═══ DATA SHOWN ═══

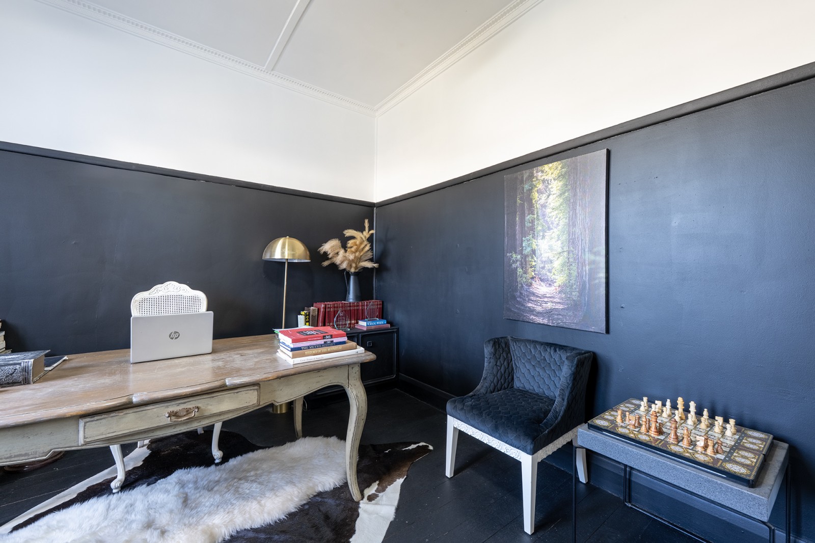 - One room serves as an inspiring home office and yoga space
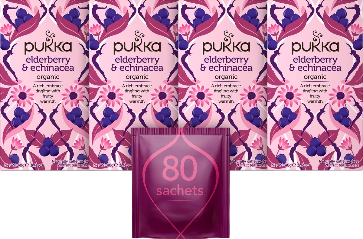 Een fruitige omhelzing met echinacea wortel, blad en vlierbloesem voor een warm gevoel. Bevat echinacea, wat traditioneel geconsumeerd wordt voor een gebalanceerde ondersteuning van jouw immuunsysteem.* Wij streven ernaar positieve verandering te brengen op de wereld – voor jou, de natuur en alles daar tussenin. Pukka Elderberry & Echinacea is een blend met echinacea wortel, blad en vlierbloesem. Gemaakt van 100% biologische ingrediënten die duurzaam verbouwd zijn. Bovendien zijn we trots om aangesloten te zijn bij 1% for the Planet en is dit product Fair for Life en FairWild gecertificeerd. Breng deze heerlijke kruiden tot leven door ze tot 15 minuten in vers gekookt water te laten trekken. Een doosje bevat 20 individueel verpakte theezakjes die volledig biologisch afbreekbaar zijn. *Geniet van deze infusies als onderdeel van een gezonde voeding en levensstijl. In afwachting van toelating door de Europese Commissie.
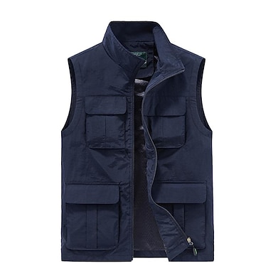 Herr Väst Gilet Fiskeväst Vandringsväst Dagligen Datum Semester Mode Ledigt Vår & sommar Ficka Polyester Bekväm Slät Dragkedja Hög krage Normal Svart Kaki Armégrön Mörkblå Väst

═══
═══ DATA SHOWN ═══

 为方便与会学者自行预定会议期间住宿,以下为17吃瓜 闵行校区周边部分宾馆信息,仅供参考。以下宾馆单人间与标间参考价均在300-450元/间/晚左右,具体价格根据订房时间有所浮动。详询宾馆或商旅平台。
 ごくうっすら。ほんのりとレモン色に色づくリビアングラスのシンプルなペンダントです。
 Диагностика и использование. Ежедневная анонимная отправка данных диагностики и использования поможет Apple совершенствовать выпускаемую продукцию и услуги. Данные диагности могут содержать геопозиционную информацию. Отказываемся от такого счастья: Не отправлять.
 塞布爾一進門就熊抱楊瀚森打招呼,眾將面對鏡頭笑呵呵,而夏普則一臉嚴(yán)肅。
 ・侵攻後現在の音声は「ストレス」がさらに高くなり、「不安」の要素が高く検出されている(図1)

═══
═══ DATA SHOWN ═══

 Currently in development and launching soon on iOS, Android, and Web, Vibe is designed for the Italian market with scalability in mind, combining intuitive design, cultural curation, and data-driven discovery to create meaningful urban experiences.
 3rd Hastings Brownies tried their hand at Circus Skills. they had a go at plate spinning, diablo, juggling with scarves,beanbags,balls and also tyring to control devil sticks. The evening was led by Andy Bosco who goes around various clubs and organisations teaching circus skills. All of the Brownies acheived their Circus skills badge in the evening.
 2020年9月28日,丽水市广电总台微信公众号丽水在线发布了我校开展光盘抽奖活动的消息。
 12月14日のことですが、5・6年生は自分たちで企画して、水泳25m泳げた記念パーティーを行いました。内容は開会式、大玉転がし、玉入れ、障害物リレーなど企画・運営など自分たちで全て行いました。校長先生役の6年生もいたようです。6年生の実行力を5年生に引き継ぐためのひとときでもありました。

═══

- _ACTION ITEM_
Determine how many lines above contain the string "with". Give only that number.

- _THE ANSWER_
2